Google's Project Tango initiative, which aims to help provide and broaden 3D mapping inside buildings to users via specially equipped smartphones, is expected to receive some key program boosts at this week's Google I/O 2016 developer conference.
Google and its Alphabet Inc. parent are planning a "big expansion of the technology this year and ultimately want to make it ubiquitous," an unnamed source who is familiar with the plans told Bloomberg, according to a May 12 story. "Job postings and recent updates to Tango's developer software show steps toward this ambitious goal."
The Google I/O conference will be held May 18 to 20 on the company's Mountain View, Calif., campus.
At Google I/O, the company will reveal details about how it wants to use Project Tango to digitally map the interiors of buildings in 3D "down to a resolution of a few inches," as well as find ways to make money in the expanding marketplace of virtual reality, the story reported.
Google's Project Tango was introduced in February 2014 as an initiative to compress current understanding about robotics and computer vision into a mobile phone, according to a past eWEEK article. The idea of the project is to give mobile devices a human-scale understanding of space and motion that will allow the devices to provide more data to users than is seen on a touch-screen. Project Tango is designed to capture and track large amounts of data using 3D measurements, which is then processed and displayed to users, according to earlier eWEEK stories.

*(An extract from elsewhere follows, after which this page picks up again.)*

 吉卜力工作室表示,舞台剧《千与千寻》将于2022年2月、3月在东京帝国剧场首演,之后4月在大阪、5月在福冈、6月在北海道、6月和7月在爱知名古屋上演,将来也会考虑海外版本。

"Google hopes Tango will support a system for independent developers to create new virtual reality applications and services," according to Bloomberg. "Video games could have characters that hide behind real-life furniture. A museum app could show 3D animations when you walk past an exhibit. A grocery store could highlight sale items and guide shoppers to the right shelf."
In January, Google announced that Lenovo is engineering and building Google's first Project Tango smartphone. The device, slated to give users a wide range of 3D views and data about indoor physical locations, is expected to be released later this year, according to an earlier eWEEK report.

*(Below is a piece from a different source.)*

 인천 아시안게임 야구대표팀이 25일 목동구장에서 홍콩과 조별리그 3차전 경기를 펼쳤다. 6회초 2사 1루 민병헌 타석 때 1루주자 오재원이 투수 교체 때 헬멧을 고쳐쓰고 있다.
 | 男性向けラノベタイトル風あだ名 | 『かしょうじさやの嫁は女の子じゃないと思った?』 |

The Project Tango smartphone initiative adds extra sensors and computer vision software to a normal smartphone to create a device that can use additional data in innovative new ways to help users see more, even inside buildings. The technical details and specifications of the coming smartphones have not yet been revealed, but application developers have already been invited to submit their ideas for gaming and utility apps that could be made available for users in the future.
App developers were asked to lay out a project schedule for their proposals, including milestones for development; visual mockups such as concept art, smartphone app screenshots and videos; an appropriate narrative; a breakdown of the project team and members; and a one-page biography describing past app portfolio experience and a company profile.
Some businesses, including home improvement store chain Lowe's, are already working on their own Project Tango apps. The Lowe's concept app would let a user point his or her Project Tango-enabled smartphone in their kitchen to see where a new refrigerator or dishwasher might fit virtually, while another developer, Schell Games, is working on an app that lets users play virtual Jenga on any surface with a group of friends.
The Lenovo smartphone that is under development for the project will retail for less than $500 and will be available this summer, according to reports.
Google representatives eWEEK contacted declined to comment for this article.